I am a Christian, and I know that there are people in the school community from all of the world’s great religious and philosophical traditions. We read today from the Bible, the Bhagavad Gita, and the Lotus Sutra. One holy text we did not hear from is the Qur’an. Few members of my own tradition know that the Jewish patriarchs and Jesus appear in Islam’s holy book. As I thought about what I would say to you today, I remembered a Jesus story that is not in the Bible but is in the Qur’an. Here it is. Jesus said:

“I have come to you, with a Sign from your Lord. In that I make for you out of clay the figure of a bird, and breathe into it, and it becomes a bird by Allah’s leave: And I heal those born blind, and the lepers, and I quicken (raise) the dead, by Allah’s leave; And I declare to you what ye eat and what ye store in your houses. Surely therein is a Sign for you if you did believe; (Holy Qur’an 3:49-51).

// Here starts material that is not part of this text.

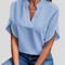 Blusa de Manga Corta a la Moda: Diseñada con un corte holgado y un elegante escote en V con detalle de cuello con abertura, esta blusa es una adición esencial para cualquier guardarropa.
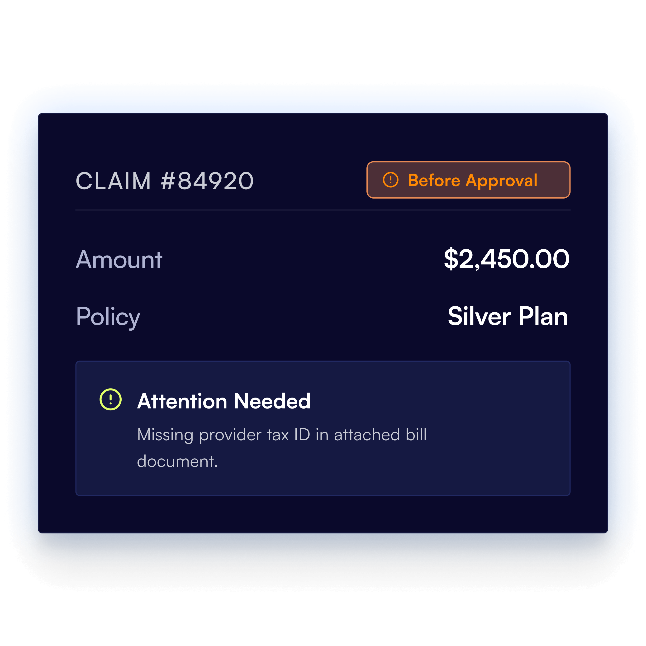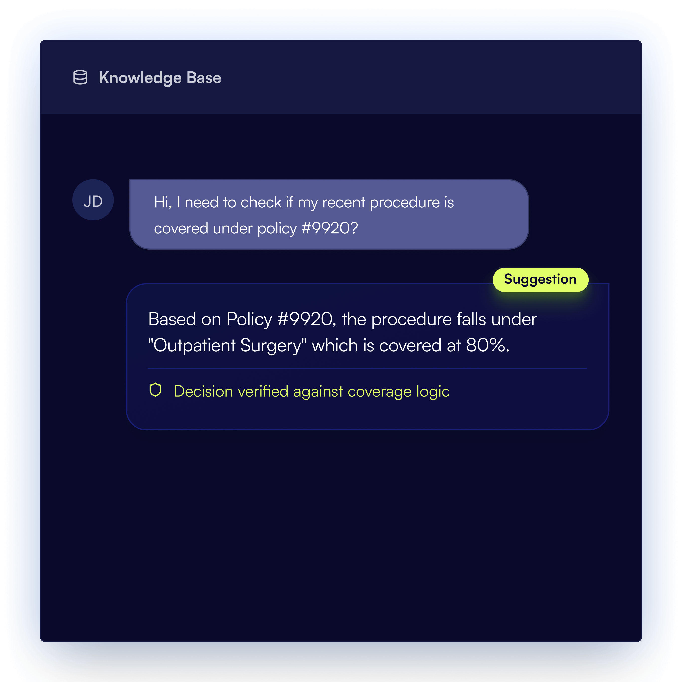 Every coverage condition is validated by a single, specifically configured AI agent, to ensure the decision accuracy.

The Qur’an’s Jesus makes a clay bird and breathes life into it. When you come to think of it, that’s what all of the world’s nourishing structures—our families, our religious communities, and yes, our schools—that’s what they do for us. We do not invent ourselves. We are all the products of countless gifts and gestures of love and compassion and guidance and forgiveness.

I began with Anne Lamott’s birds and have come full circle to Jesus’s bird. So let me leave you with one more avian image. Anne Lamott got her title, Imperfect Birds, from a line by the 13th century Persian poet Rumi: “Each has to enter the nest made by the other imperfect bird.” Your education will have been meaningless if it did not open your heart. Because what every world religious tradition agrees on is this: the way through life, the joyous, peaceful, powerful way through life, is by way of the open heart. We’re all imperfect birds, and together we make of life the best we can. As life’s stresses come your way, you will be tempted to close in on yourself and go it alone, seeing others as your adversaries rather than your allies. The whole point of the enterprise that you celebrate today has been to open you another way, the way of the heart, as the key to abundant living. Know and accept yourself as precious and unique. Know and accept that about others, even your parents. Forgive, heal, and bless. Take on and respond to the pain and injustice of the world. All we have to offer each other are the imperfect nests we imperfectly make. There is joy and beauty and hope in that knowledge. With an open mind and an open heart, go forth to love, serve, and change the world. Congratulations and blessings to the class of 2011 and their families.